69 elle a été une source d’ambiguïté avec certains interlocuteurs, fait partie des pratiques régulières du groupe social étudié, pratiques auxquelles j’ai été associé.

D. Être présent

Parmi les attentes des enquêtés à mon égard, ma présence est, aujourd’hui encore, exigée aux évènements qui célèbrent une naissance, un baptême ou un mariage.

[Paris, le 2.12.2010] Je reçois un appel masqué. Il est 22 heures, nous

sommes un jeudi soir. C’est Mary au téléphone, le frère cadet de Mamadou.

Mary : « Je ne savais pas à qui appartenait ce numéro. Ah, c’est donc

toi, l’ami de Mamadou ».

Hormis un entretien réalisé il y quelques années, je n’ai que très rarement eu l’occasion de croiser Mary durant l’enquête. Il nous faut pourtant échanger quelques mots, « pour parler ». Il m’apprend que la fête de Tabaski (fête du mouton) a lieu samedi. Je suis vexé de ne pas avoir été mis au courant. Mary m’indique l’adresse et le lieu en me disant : « Tu es le bienvenu ». Nous nous souhaitons une bonne soirée et raccrochons.

J’appelle immédiatement Mamadou et Ibrahim pour en savoir plus sur l’organisation de la fête. Répondeurs. Je laisse des messages l’air de rien en exprimant mon désir de les voir ce week-end. N’ayant aucune nouvelle, je passe le week-end et avec lui, je rate une occasion en or : la possibilité d’avoir un point de comparaison avec la fête de Tabaski observée à Bamako.

Je retrouve Mamadou la semaine suivante au café « Le Bon Pêcheur ». Il me demande d’expliquer mon absence. À peine ai-je le temps de me justifier que Mamadou prend la parole :

« Arrête, j’ai eu Mary. Il m’a dit que tu venais, c’était ok pour nous…

En plus il y avait tout le monde… Ils t’attendaient […] David, tu es venu jusqu’à chez nous, dans ma famille, tu as vu mon père, mes tantes. Pour nous c’est très important ça. C’est comme si tu faisais partie de la famille. Alors que ce soit moi, Mary ou n’importe lequel des mes frères, c’est la même chose. Si Mary t’a dit de venir c’est comme si Daouda, moi ou Ibrahim t’avait dit de venir. Tu as compris ça ? ».

Mamadou, ayant mis les points sur les « i », nous changeons de sujet et abordons notre sujet de conversation favori : les filles.

Mon absence à la fête de Tabaski a une conséquence immédiate : Mamadou s’est rendu moins disponible au cours des deux semaines qui suivirent cette conversation.

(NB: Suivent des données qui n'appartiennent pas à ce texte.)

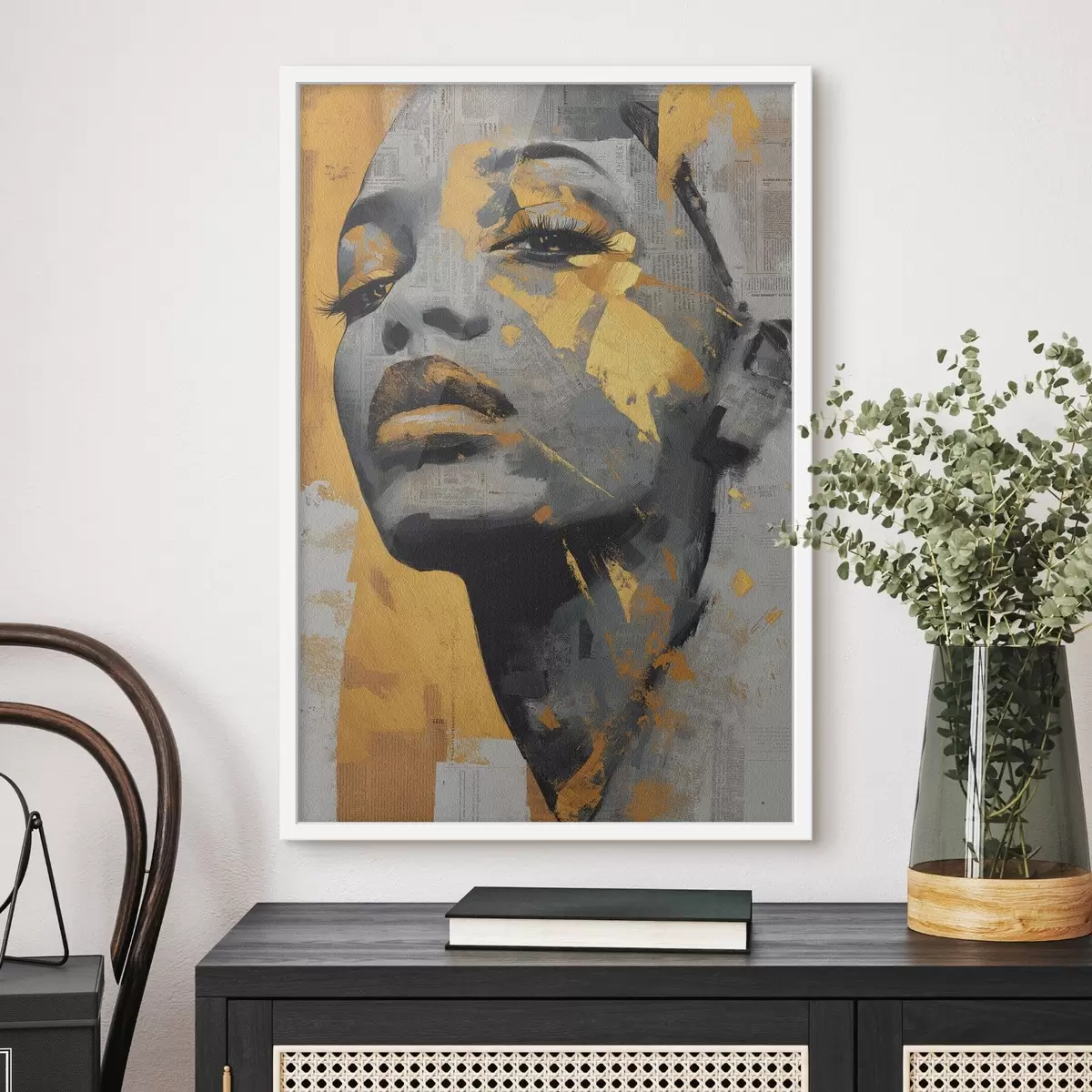 Poster Retrato en técnica mixta con fragmentos de periódico y pinceladas decorativas Nr f45419

70 Sa déception puis la remontrance qui s’en est suivie doivent être interprétées comme des marqueurs d’une intégration réussie. Quoi qu’il en soit, il m’a fallu réparer cet impair. Et la réparation est passée par la justification de mon absence.

2.3 (A)symétrie sociale ?

Si l’on parle beaucoup de l’asymétrie sociale pour rendre compte de l’état de la relation d’enquête, on parle moins de son corolaire : la symétrie sociale, c'est-à-dire les éléments sociologiques communs à partir desquels se construisent cette relation. Bien sûr, des particularités sociales (comme l’expérience d’immigration, le statut d’étranger ou l’image sociale associée à la couleur de peau) ont toute leur importance. Mais d’autres, au contraire, viennent réduire cette distance comme par exemple les effets d’âge ou de genre, le statut de diplômé ou de travailleur précaire. Le sociologue a tendance à insister sur les dissemblances, les incompréhensions et les points de tension qui instaurent une frontière entre lui et ses interlocuteurs. Or, les affinités et les similitudes sociales révèlent également la teneur de leur relation ; elles disent quelque chose du milieu étudié.

Nous étions des hommes âgés d’une trentaine d’années, nous étions parisiens, nous étions diplômés et d’origine sociale bourgeoise, autant de critères sociaux qui nous ont – à bien des occasions - rapprochés.